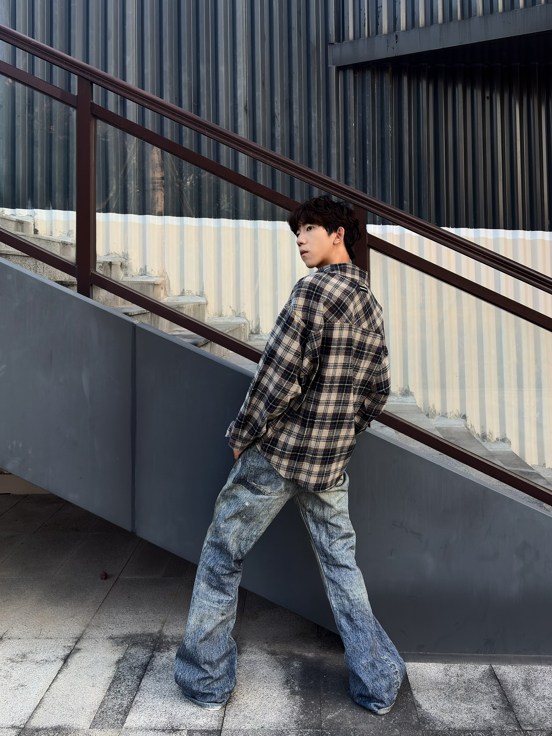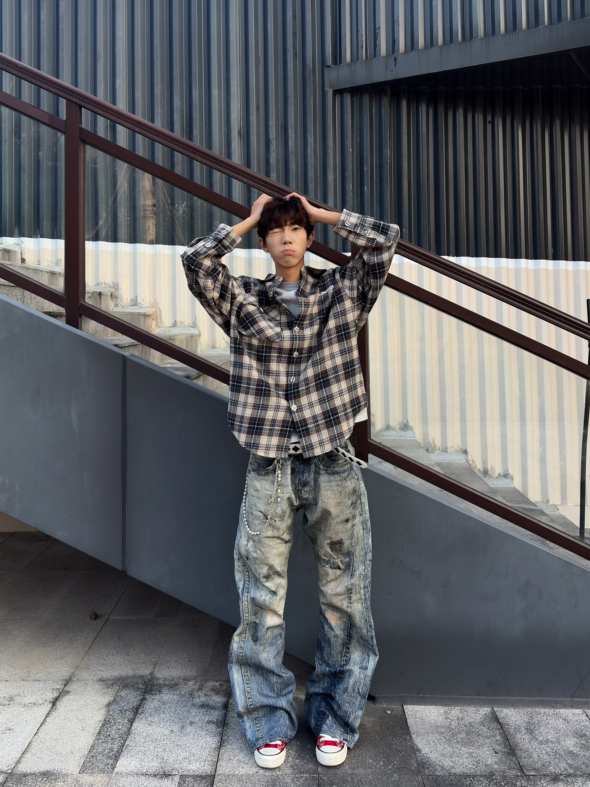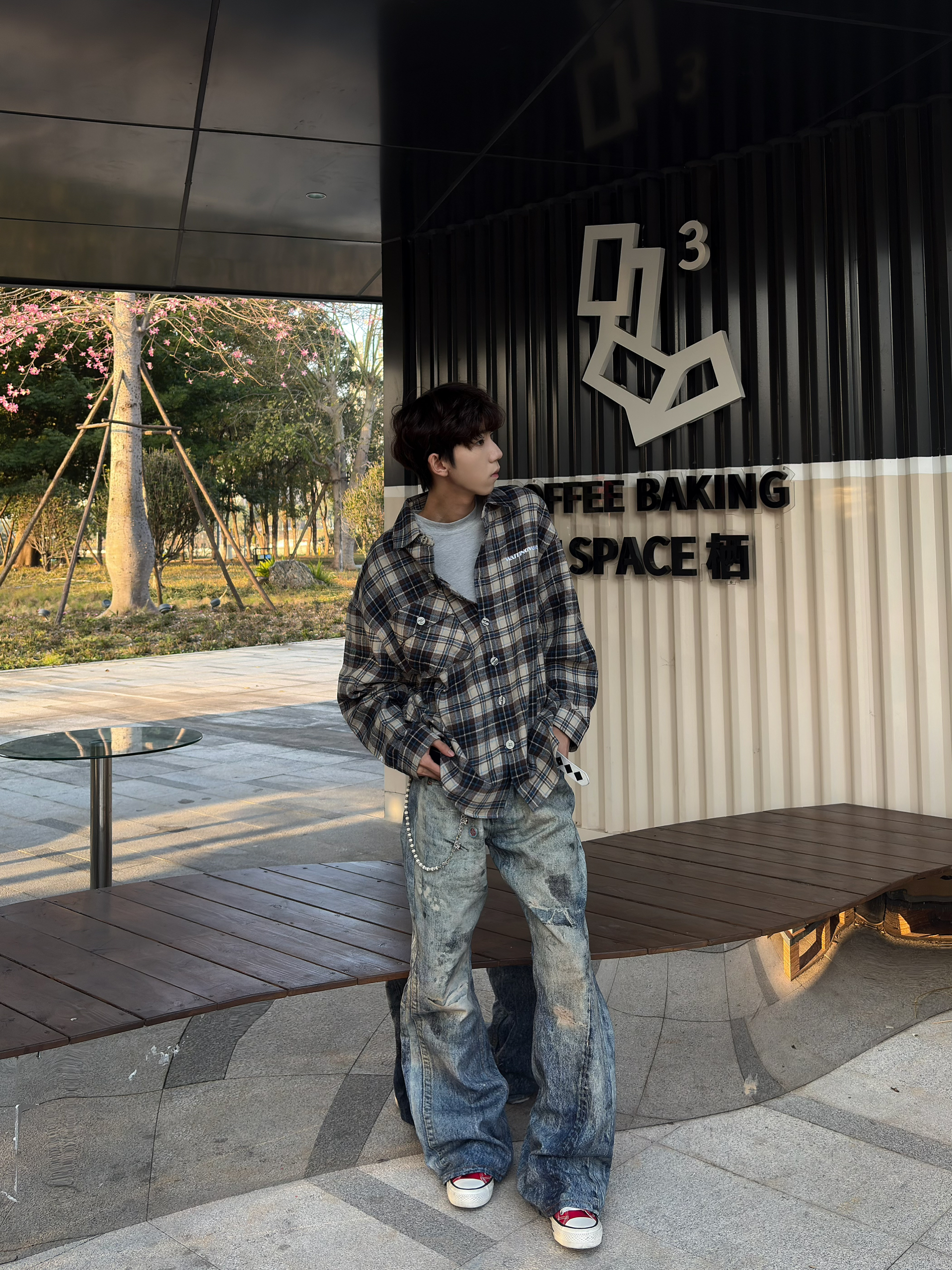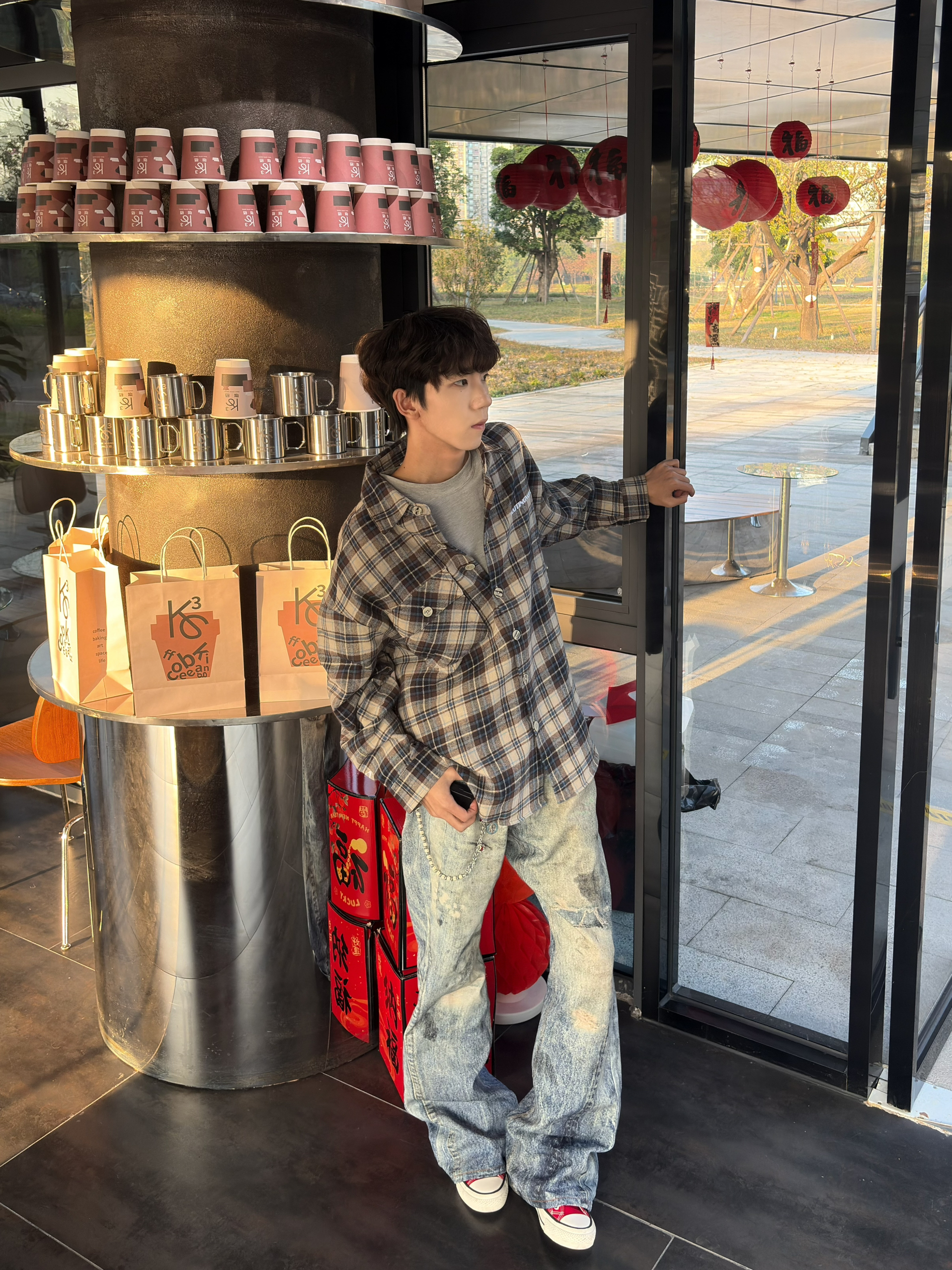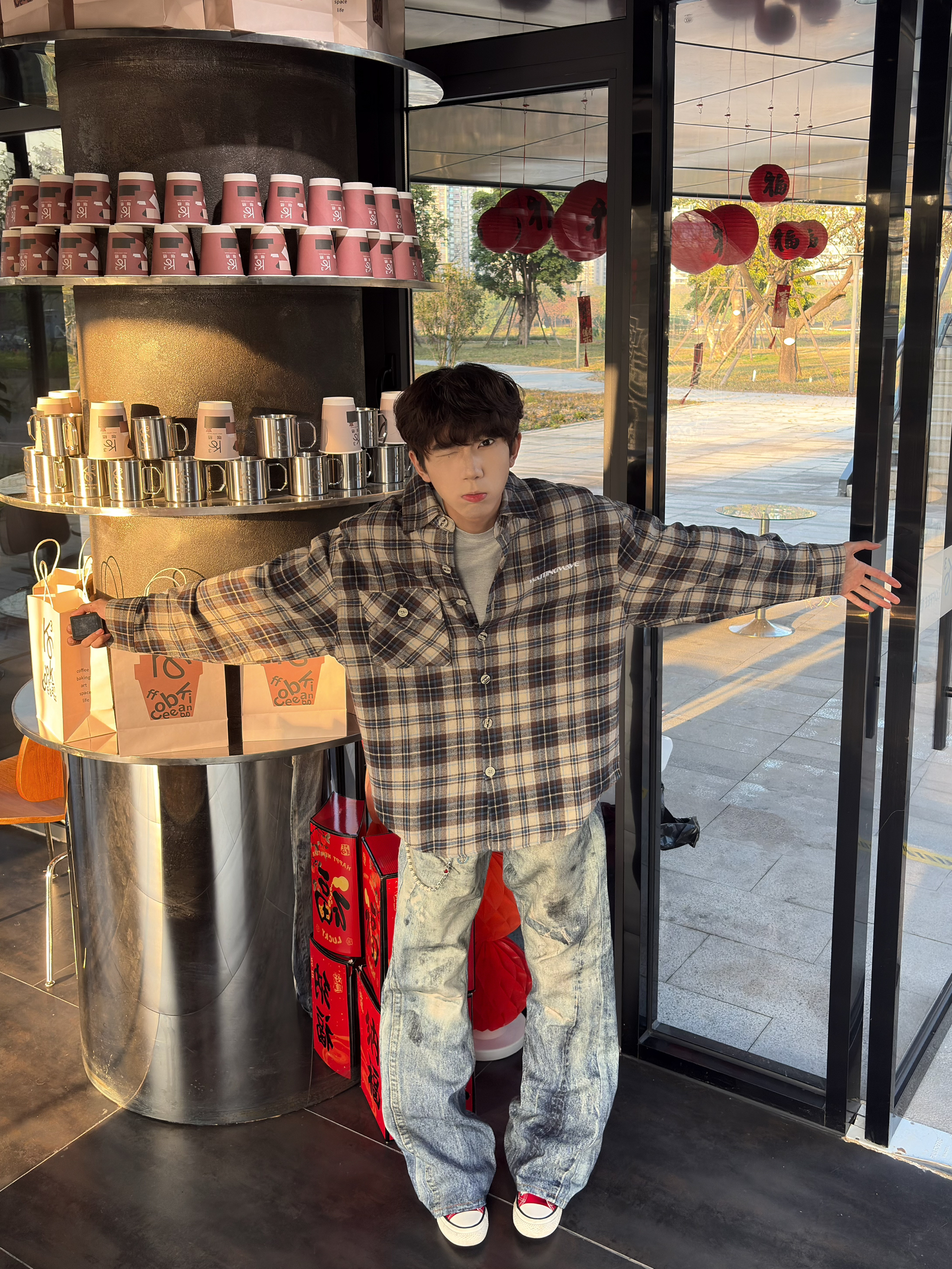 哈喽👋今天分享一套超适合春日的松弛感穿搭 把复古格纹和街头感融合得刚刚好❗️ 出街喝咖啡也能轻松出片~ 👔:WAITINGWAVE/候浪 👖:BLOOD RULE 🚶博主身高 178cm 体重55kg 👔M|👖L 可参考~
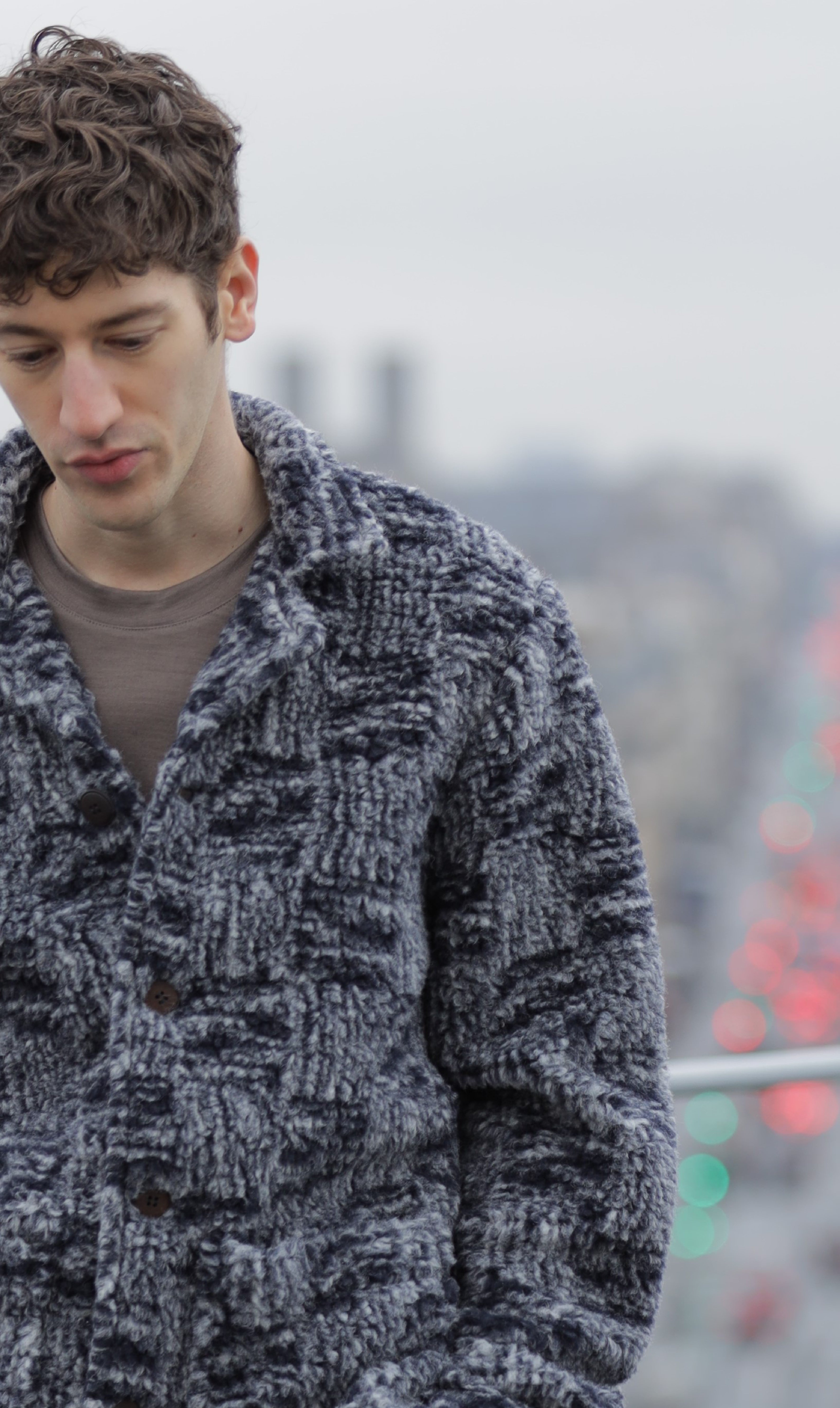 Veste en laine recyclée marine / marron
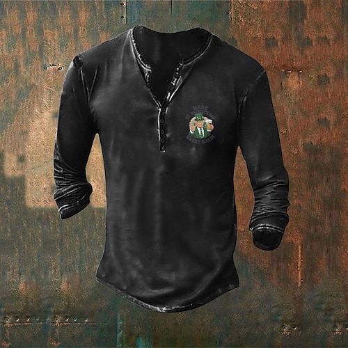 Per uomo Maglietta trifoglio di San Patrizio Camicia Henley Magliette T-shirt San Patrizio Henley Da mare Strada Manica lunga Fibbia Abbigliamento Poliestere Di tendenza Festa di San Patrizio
--------------------------------------------------
» **YOUR OBJECTIVE**
The expected result is the material restated word for word, minus any picture.

» **ANSWER TO THE EXERCISE**
 哈喽👋今天分享一套超适合春日的松弛感穿搭 把复古格纹和街头感融合得刚刚好❗️ 出街喝咖啡也能轻松出片~ 👔:WAITINGWAVE/候浪 👖:BLOOD RULE 🚶博主身高 178cm 体重55kg 👔M|👖L 可参考~
 Veste en laine recyclée marine / marron
 Per uomo Maglietta trifoglio di San Patrizio Camicia Henley Magliette T-shirt San Patrizio Henley Da mare Strada Manica lunga Fibbia Abbigliamento Poliestere Di tendenza Festa di San Patrizio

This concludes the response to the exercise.